UI: The True Definition of “User-Friendly”

by Applied Informatics

user friendly interface

Leonardo da Vinci once famously said, “simplicity is the ultimate sophistication.” For developers, this is an easy concept to comprehend, since they try to write code that not only completes a process efficiently, but also keeps it easy to read. Consequently, other coders can easily absorb, adapt, and implement their versions seamlessly on top of the existing codebase. User interfaces (UI) should be designed with a similar mindset. The UI must make the user feel that every action they take is second nature by possessing key attributes that include; ease of access, pleasantly aesthetic, predictability, intuitiveness, etc.

Know the user 

While designing an interface, the developer must keep in mind to use elements that are consistent and predictable.
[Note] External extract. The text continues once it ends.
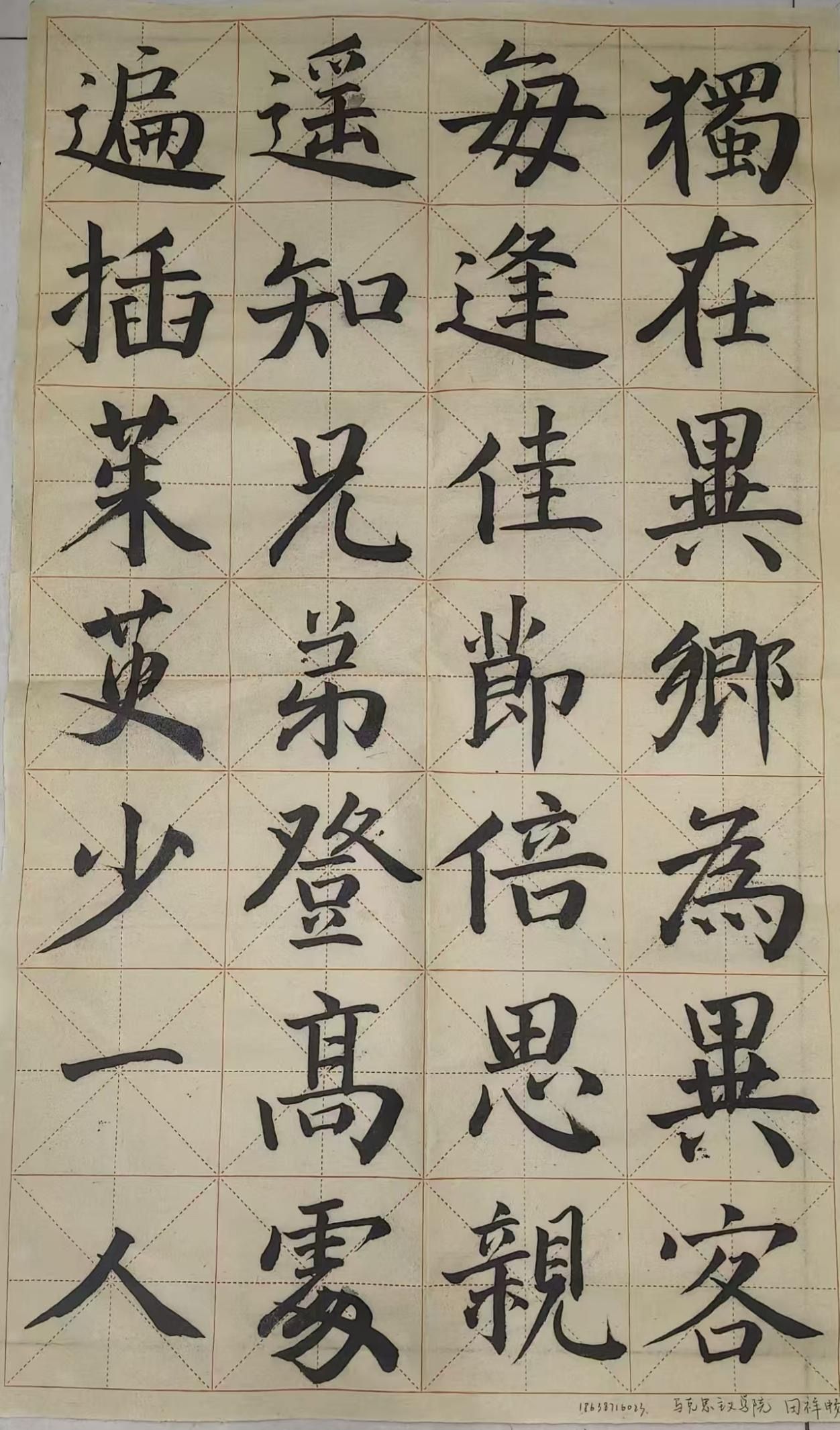 本次活动期间,同学们围绕“敬老”主题,书写“椿萱并茂,棠棣同馨”等感恩寄语,用真挚文字祝愿亲人身体健康;聚焦“登高”习俗,深挖传统节日文化内涵,挥毫誊写“遥知兄弟登高处,遍插茱萸少一人”等经典诗句,于字里行间感受古人登高望远的豪情与思念;结合“赏菊”雅趣,创作“菊酒盈袖”“东篱品菊”等雅致文案,以笔墨传递秋日清韵与高洁品格。创作形式多样,同学们在提笔落划中体验书写仪式感,在经典语句中体悟孝亲之道、自然之美的文化内核,让中华优秀传统文化在实践中得以传承与活化。

For example, if an user must input information for an application process, he/she will expect a progress bar detailing how many more steps to complete. Furthermore, the input fields must be intuitive, such as date fields containing a pop up calendar to enter dates. Some fields may even be filled out as a default to reduce burden on the end-user.  Also, a common finality all users expect, is a confirmation page at the end. As a result, the users will complete their tasks with satisfaction and optimal efficiency. Keeping these aspects in mind any developer can develop a user-friendly process that mitigates errors.

Clutter creates Confusion

It is commonly stated that the best interfaces are near invisible to the user. A good designer establishes a pattern within the layout of the entire site. Thus, the user will be able complete certain processes with little to no learning curve. Also, a good rule of thumb when designing a site with many pages is to structure the pages based on importance. Keep the most important elements near the center of the page to aid the user in readability. Using different colors also improves readability and efficiency. A contrast in colors , fonts, and sizes focuses the user’s attention to the most important parts of the page. Most importantly, label clearly the purpose of every element and avoid unnecessary elements at all costs.

A good practice to master, while developing your site, is to maintain a log of all the improvements made. (TIP: This can achieved by clearly stating what was done in git messages, while using git-based repositories). Documenting every little step provides many benefits not only to the user and future coders, but helps the developer as well. If something unexpectedly goes wrong, it is easy to go back and solve the issues. 

Following the steps mentioned above, leads to less headaches for all involved and the users will be happy customers!!